通过发布文献求助，成功后即可免费获取论文全文。去求助

来源期刊

Statistics in Medicine 医学-公共卫生、环境卫生与职业卫生

CiteScore

3.40

自引率

10.00%

发文量

334

审稿时长

2-4 weeks

期刊介绍： The journal aims to influence practice in medicine and its associated sciences through the publication of papers on statistical and other quantitative methods.
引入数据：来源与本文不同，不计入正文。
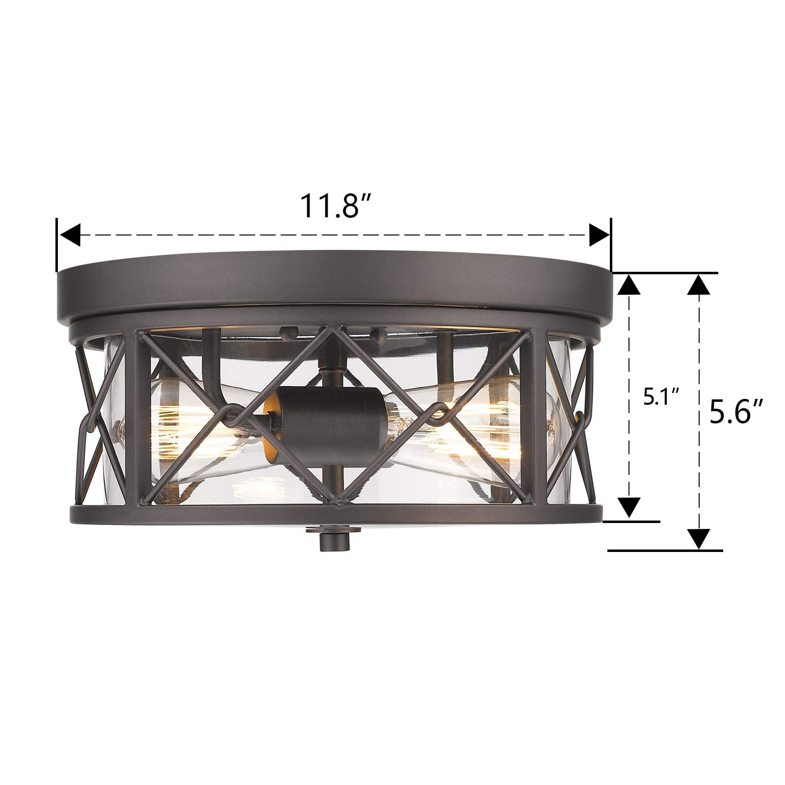 zeyu 2-Light Flush Mount Ceiling Light, 12 Inch Kitchen Light Fixtures Ceiling with Clear Glass Cover, Oil Rubbed Bronze Finish, ZY25-F ORB
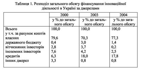 Статистичний аналіз свідчить, що у 2004 році основним джерелом фінансування технологічних інновацій були власні кошти підприємств, частка яких у загальному обсязі фінансування інноваційних робіт становила 77,3% (5).
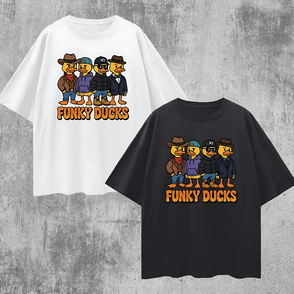 This Vintage/Y2K Funny Funky Ducks Graphic Oversized T-Shirt delivers a playful and stylish vibe with a lineup of quirky, personality-packed ducks, each rocking a unique outfit—from bold cowboy fashion and laid-back streetwear to classic Timbs with a New York cap, and an elegant, classy look. Below the crew, the words “Funky Ducks” pop in cool, bubbly letters, adding a retro charm. Perfect for those who love humor, street style, and standout vintage-inspired graphics.
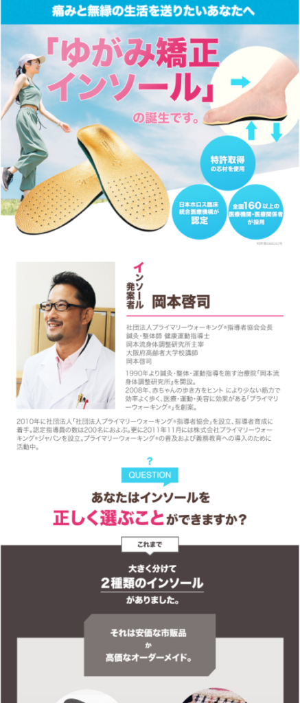 架空のゆがみ矯正インソールLPです。

Papers will explain new methods and demonstrate their application, preferably through a substantive, real, motivating example or a comprehensive evaluation based on an illustrative example. Alternatively, papers will report on case-studies where creative use or technical generalizations of established methodology is directed towards a substantive application. Reviews of, and tutorials on, general topics relevant to the application of statistics to medicine will also be published. The main criteria for publication are appropriateness of the statistical methods to a particular medical problem and clarity of exposition. Papers with primarily mathematical content will be excluded. The journal aims to enhance communication between statisticians, clinicians and medical researchers.